What is required
Only a slice of the listing below is wanted. Retype the lines from the one containing "Daarnaast bevindt zich" through the one containing "You might remember", exactly, both ends included.

Data extract
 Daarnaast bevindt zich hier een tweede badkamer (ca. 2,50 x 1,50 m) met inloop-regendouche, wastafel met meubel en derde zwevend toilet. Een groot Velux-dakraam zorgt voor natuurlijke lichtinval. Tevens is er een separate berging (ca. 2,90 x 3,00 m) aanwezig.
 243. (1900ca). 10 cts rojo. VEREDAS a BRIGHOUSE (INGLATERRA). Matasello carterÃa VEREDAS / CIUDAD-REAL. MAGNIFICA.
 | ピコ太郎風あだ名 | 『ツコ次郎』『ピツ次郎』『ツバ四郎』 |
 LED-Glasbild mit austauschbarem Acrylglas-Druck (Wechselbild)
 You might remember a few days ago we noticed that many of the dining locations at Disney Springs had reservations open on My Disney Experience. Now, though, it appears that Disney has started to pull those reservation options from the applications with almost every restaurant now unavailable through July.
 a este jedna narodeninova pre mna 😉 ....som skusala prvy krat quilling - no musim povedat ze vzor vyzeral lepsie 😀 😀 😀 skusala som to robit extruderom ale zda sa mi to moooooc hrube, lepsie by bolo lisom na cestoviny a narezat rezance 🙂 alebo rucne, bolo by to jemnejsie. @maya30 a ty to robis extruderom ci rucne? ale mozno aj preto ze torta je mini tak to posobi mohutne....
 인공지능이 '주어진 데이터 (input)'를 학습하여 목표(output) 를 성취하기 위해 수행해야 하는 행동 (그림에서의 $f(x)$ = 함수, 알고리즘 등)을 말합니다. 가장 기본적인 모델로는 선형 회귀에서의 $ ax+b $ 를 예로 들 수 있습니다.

--

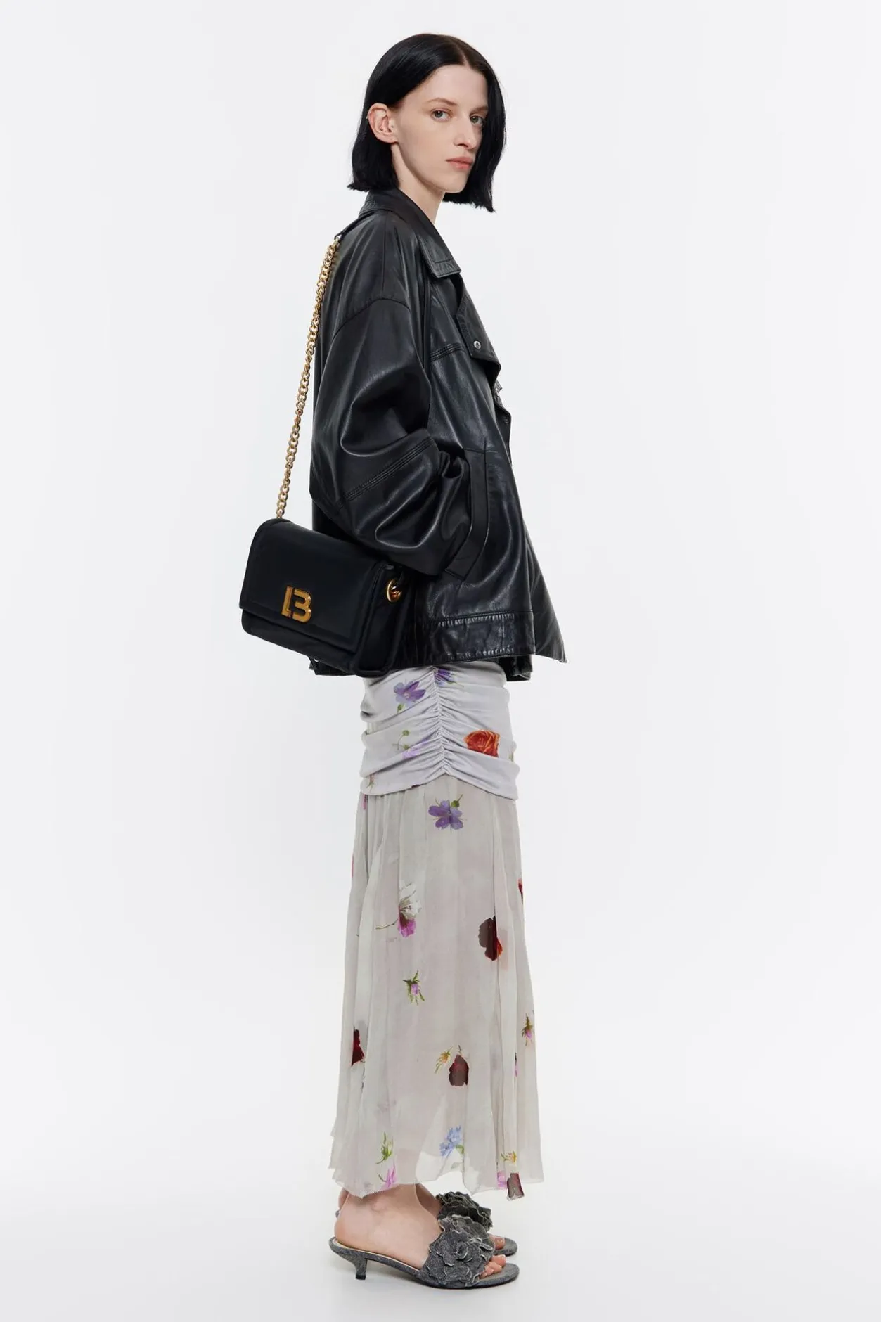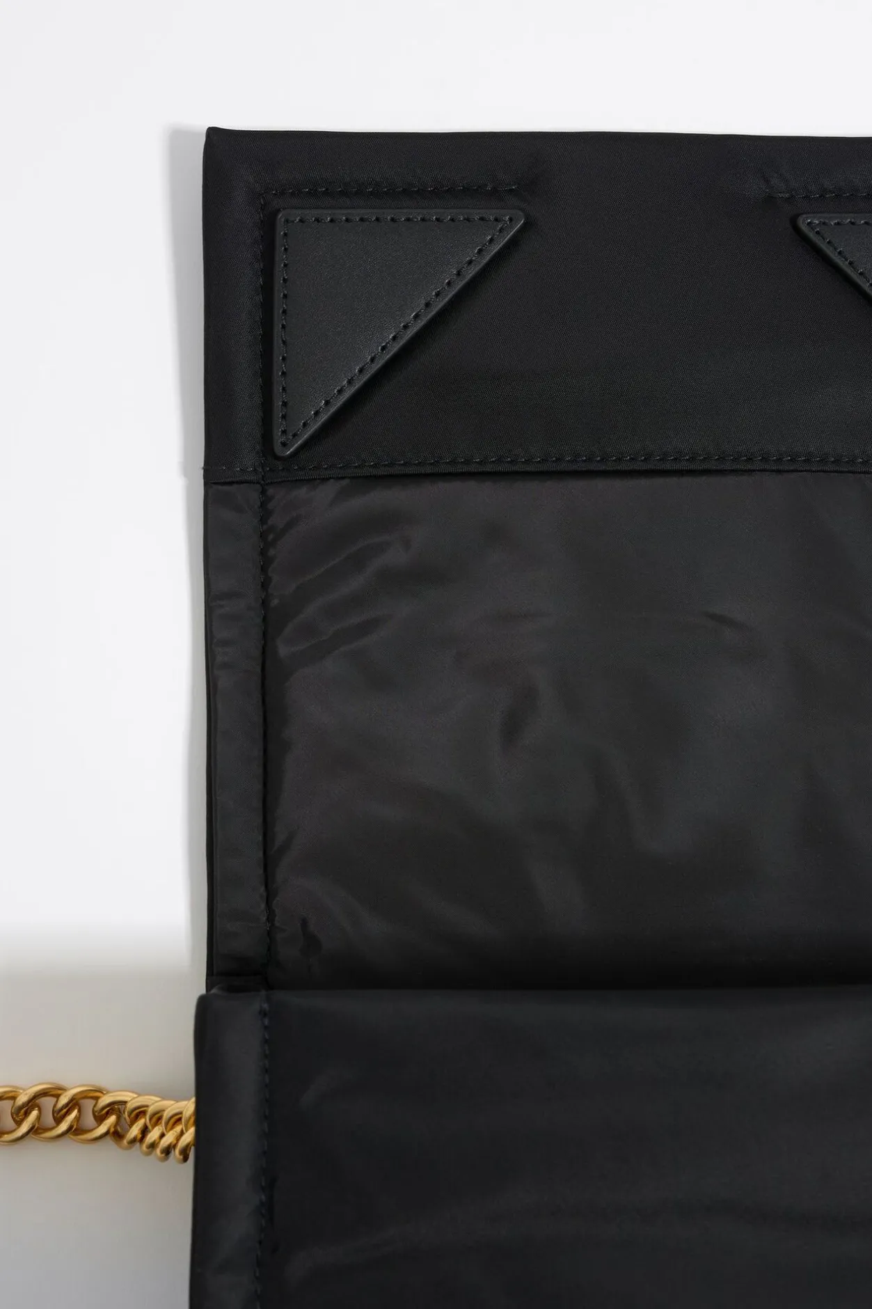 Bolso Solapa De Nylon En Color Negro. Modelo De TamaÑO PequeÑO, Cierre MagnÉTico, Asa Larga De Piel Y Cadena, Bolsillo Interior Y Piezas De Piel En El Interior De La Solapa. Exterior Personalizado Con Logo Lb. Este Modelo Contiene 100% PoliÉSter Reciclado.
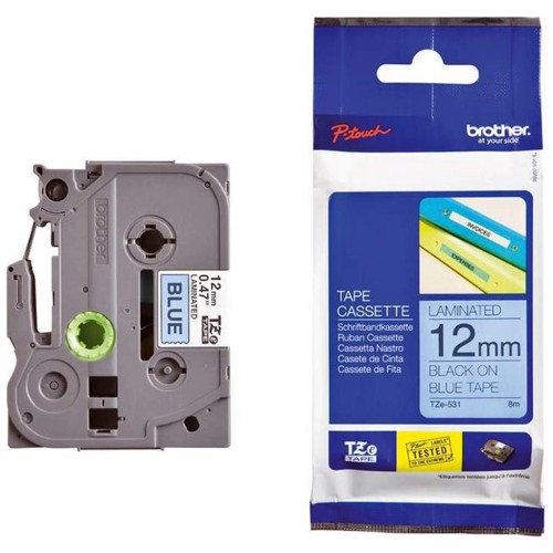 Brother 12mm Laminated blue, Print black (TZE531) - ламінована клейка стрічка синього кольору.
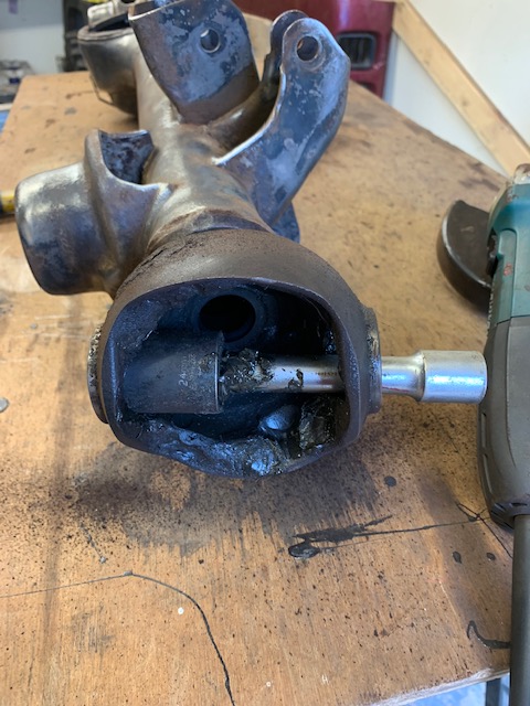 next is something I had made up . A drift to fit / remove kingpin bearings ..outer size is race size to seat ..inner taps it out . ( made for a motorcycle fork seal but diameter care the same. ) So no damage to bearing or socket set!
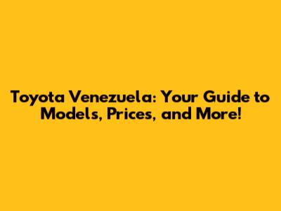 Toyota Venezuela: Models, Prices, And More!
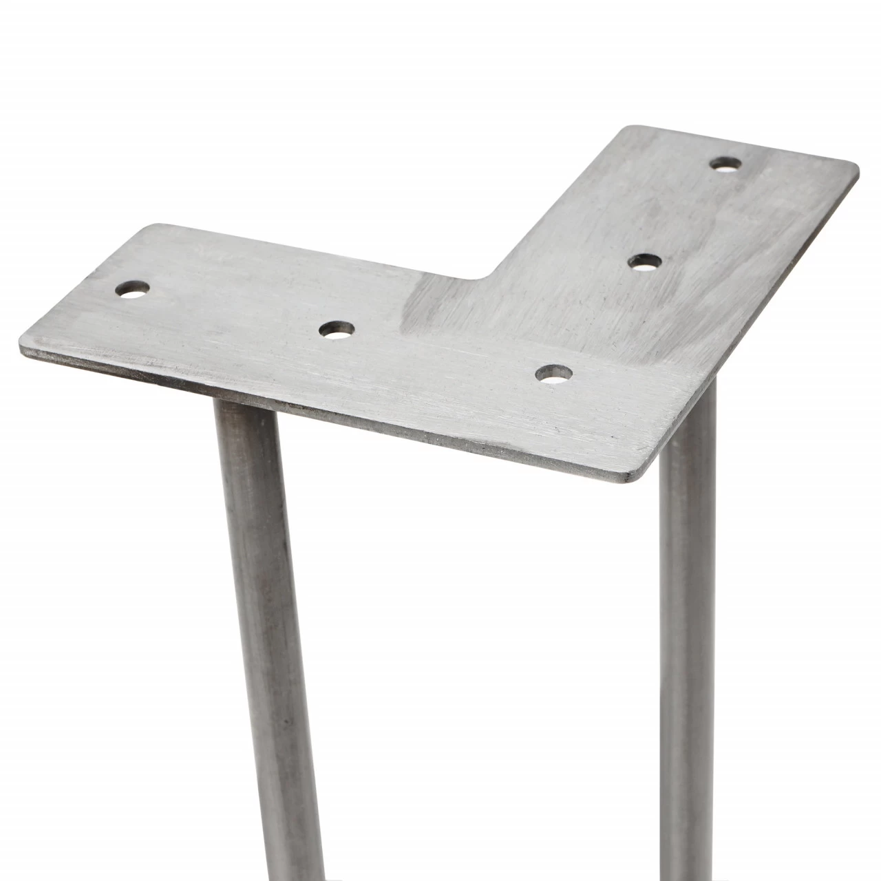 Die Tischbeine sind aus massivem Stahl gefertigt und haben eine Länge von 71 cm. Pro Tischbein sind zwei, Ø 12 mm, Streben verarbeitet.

Response below
 Daarnaast bevindt zich hier een tweede badkamer (ca. 2,50 x 1,50 m) met inloop-regendouche, wastafel met meubel en derde zwevend toilet. Een groot Velux-dakraam zorgt voor natuurlijke lichtinval. Tevens is er een separate berging (ca. 2,90 x 3,00 m) aanwezig.
 243. (1900ca). 10 cts rojo. VEREDAS a BRIGHOUSE (INGLATERRA). Matasello carterÃa VEREDAS / CIUDAD-REAL. MAGNIFICA.
 | ピコ太郎風あだ名 | 『ツコ次郎』『ピツ次郎』『ツバ四郎』 |
 LED-Glasbild mit austauschbarem Acrylglas-Druck (Wechselbild)
 You might remember a few days ago we noticed that many of the dining locations at Disney Springs had reservations open on My Disney Experience. Now, though, it appears that Disney has started to pull those reservation options from the applications with almost every restaurant now unavailable through July.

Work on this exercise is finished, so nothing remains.